BEGIN ENTRIES PROVIDED
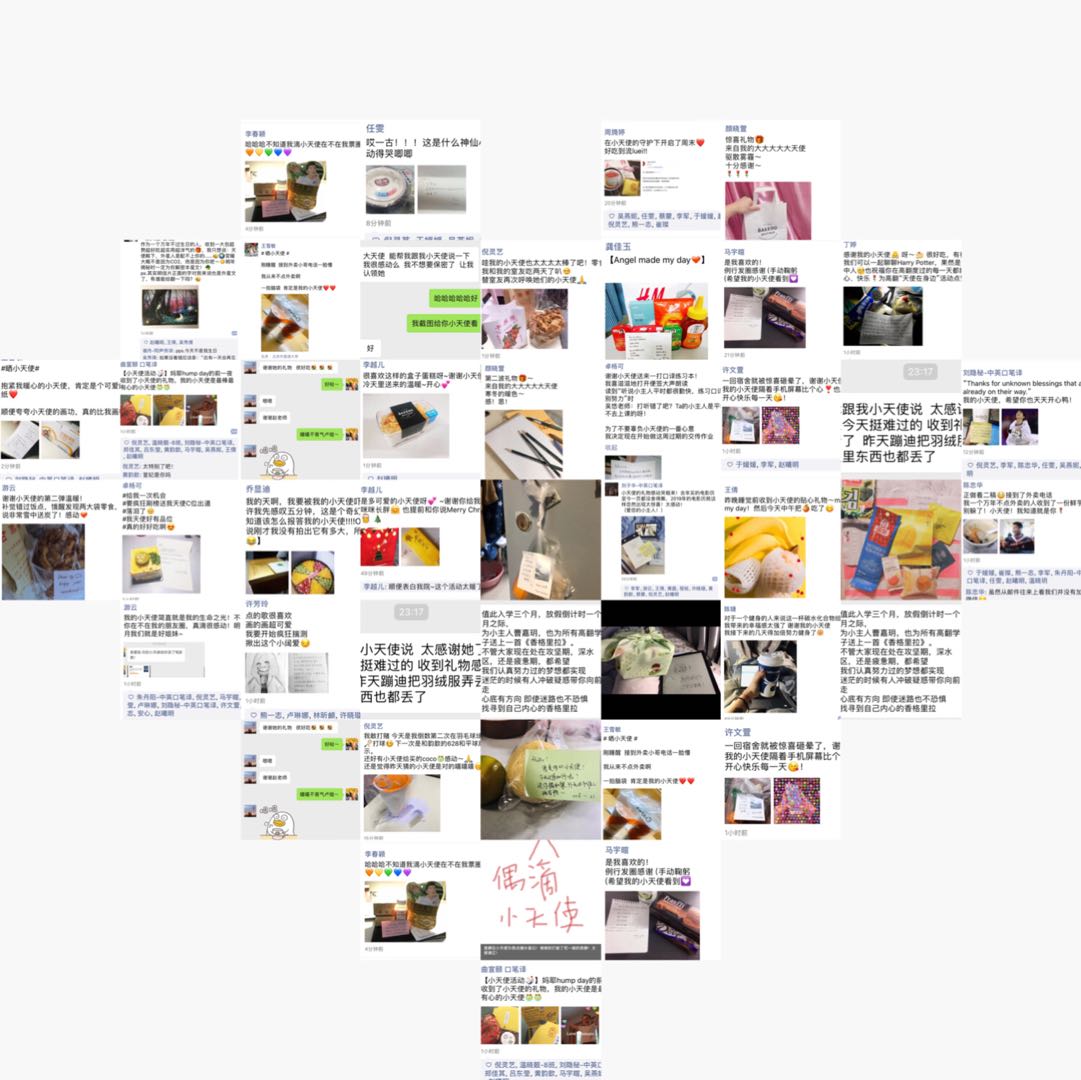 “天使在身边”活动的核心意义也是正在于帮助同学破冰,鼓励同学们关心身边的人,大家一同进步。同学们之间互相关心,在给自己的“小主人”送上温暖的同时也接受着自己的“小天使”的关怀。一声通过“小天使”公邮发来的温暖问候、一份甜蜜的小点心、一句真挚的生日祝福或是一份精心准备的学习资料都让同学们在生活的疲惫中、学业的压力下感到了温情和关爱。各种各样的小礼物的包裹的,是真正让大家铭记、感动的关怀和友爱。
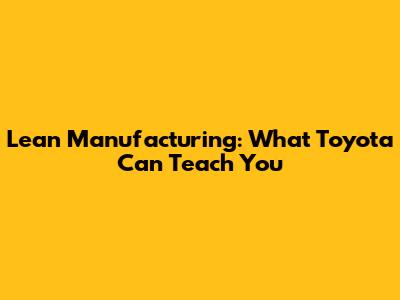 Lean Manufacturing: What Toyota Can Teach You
END ENTRIES PROVIDED
BEGIN ENTRIES PROVIDED
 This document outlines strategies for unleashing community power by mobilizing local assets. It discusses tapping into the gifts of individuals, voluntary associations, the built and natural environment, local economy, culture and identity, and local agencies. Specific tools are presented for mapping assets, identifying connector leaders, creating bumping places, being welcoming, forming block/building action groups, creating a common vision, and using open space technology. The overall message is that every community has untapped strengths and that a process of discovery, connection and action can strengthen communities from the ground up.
END ENTRIES PROVIDED
BEGIN ENTRIES PROVIDED
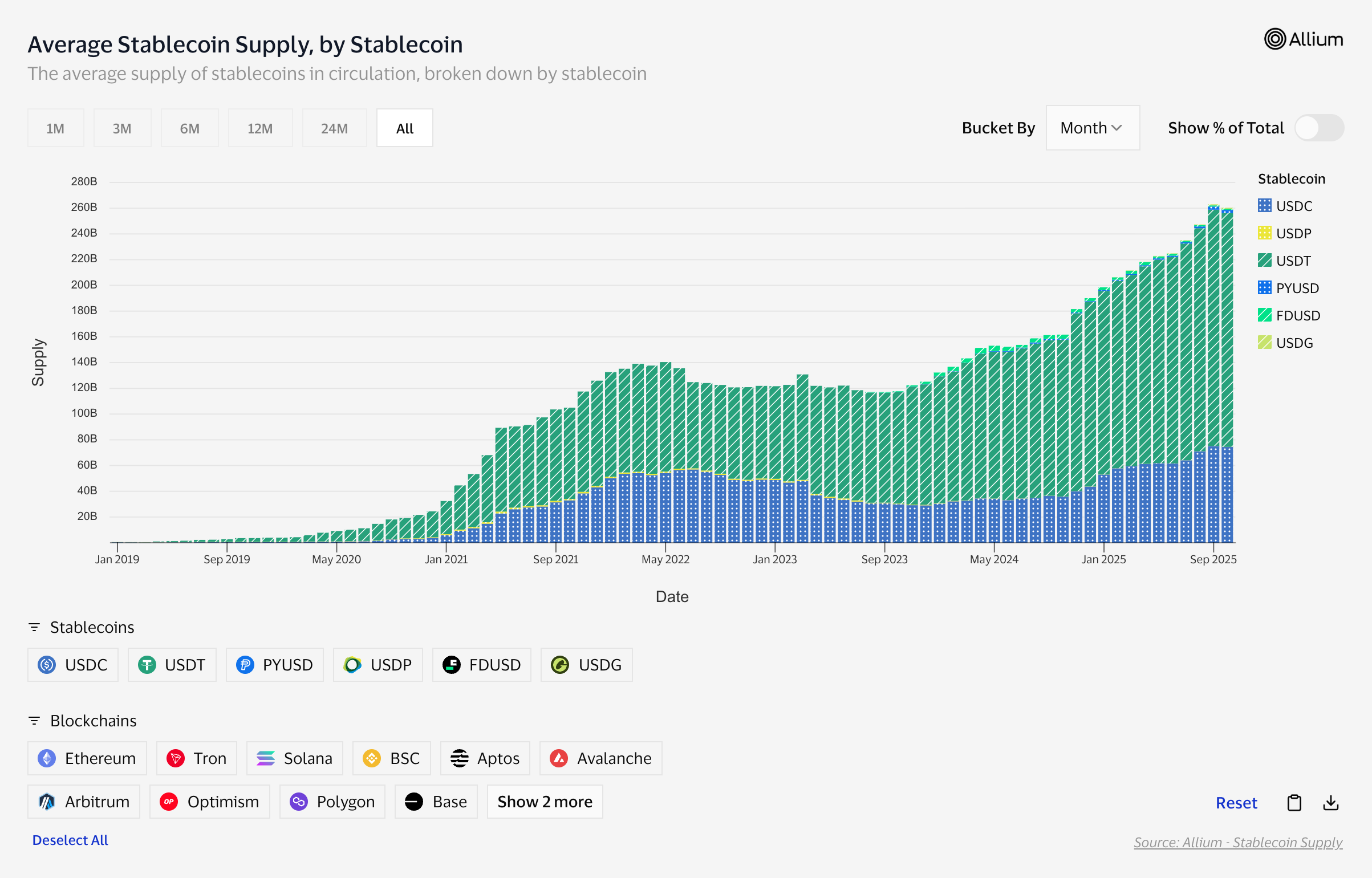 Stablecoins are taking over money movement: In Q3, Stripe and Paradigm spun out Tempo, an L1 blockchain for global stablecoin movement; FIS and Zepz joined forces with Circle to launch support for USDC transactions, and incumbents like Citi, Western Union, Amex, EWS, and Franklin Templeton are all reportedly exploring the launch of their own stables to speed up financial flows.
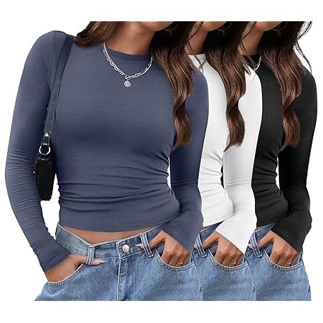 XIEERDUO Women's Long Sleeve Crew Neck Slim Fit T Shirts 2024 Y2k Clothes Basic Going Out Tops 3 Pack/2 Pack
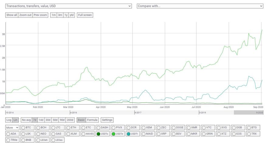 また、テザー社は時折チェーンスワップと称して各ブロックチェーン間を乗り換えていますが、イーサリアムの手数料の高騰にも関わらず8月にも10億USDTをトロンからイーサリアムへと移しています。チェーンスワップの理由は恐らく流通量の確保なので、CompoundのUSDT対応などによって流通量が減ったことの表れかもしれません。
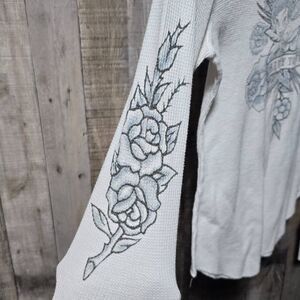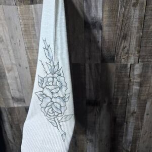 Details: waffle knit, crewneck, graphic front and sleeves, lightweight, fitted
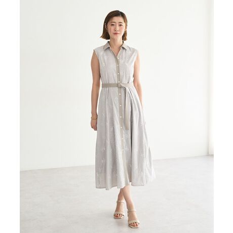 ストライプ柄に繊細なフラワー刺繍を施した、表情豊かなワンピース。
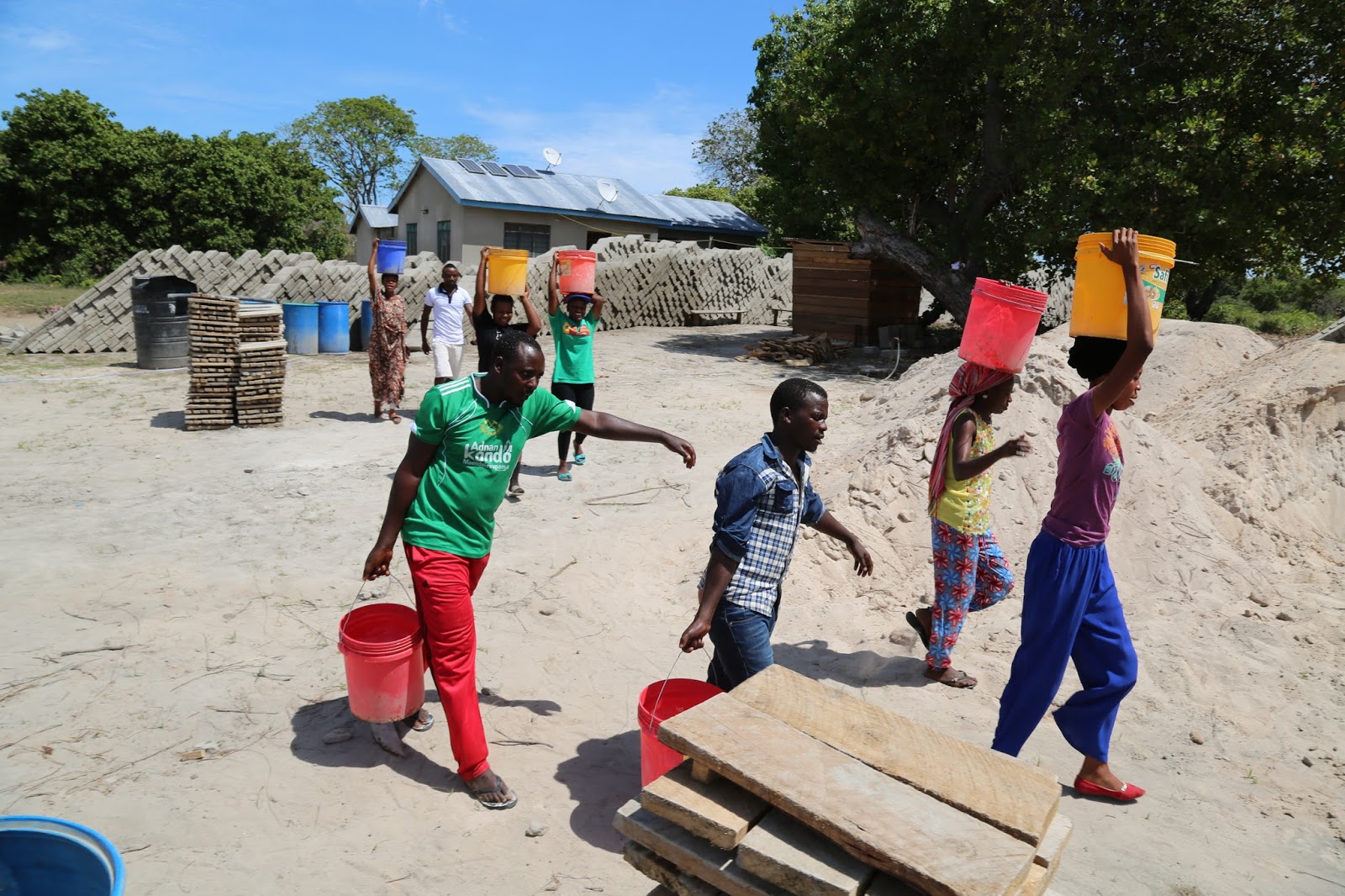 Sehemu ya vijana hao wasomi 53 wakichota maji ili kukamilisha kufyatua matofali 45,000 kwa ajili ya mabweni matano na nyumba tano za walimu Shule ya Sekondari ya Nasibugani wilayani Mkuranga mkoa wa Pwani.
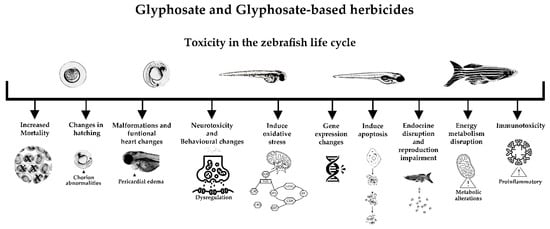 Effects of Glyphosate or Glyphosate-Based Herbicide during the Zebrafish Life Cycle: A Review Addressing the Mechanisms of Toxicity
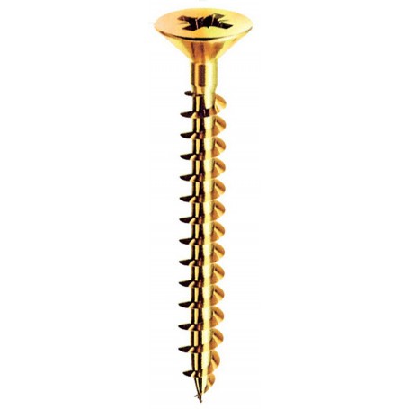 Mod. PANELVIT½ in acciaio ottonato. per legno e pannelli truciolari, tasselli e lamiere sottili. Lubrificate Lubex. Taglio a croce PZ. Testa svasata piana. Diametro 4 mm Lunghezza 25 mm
END ENTRIES PROVIDED
▶ [WHAT THE EXERCISE ASKS] From the entries above, copy exactly the lines starting at the one with "XIEERDUO Women's Long" and stopping at the one with "Mod. PANELVIT½ in", keeping both ends. Drop the pictures.

▶ [PROBLEM SOLUTION]
 XIEERDUO Women's Long Sleeve Crew Neck Slim Fit T Shirts 2024 Y2k Clothes Basic Going Out Tops 3 Pack/2 Pack
 また、テザー社は時折チェーンスワップと称して各ブロックチェーン間を乗り換えていますが、イーサリアムの手数料の高騰にも関わらず8月にも10億USDTをトロンからイーサリアムへと移しています。チェーンスワップの理由は恐らく流通量の確保なので、CompoundのUSDT対応などによって流通量が減ったことの表れかもしれません。
 Details: waffle knit, crewneck, graphic front and sleeves, lightweight, fitted
 ストライプ柄に繊細なフラワー刺繍を施した、表情豊かなワンピース。
 Sehemu ya vijana hao wasomi 53 wakichota maji ili kukamilisha kufyatua matofali 45,000 kwa ajili ya mabweni matano na nyumba tano za walimu Shule ya Sekondari ya Nasibugani wilayani Mkuranga mkoa wa Pwani.
 Effects of Glyphosate or Glyphosate-Based Herbicide during the Zebrafish Life Cycle: A Review Addressing the Mechanisms of Toxicity
 Mod. PANELVIT½ in acciaio ottonato. per legno e pannelli truciolari, tasselli e lamiere sottili. Lubrificate Lubex. Taglio a croce PZ. Testa svasata piana. Diametro 4 mm Lunghezza 25 mm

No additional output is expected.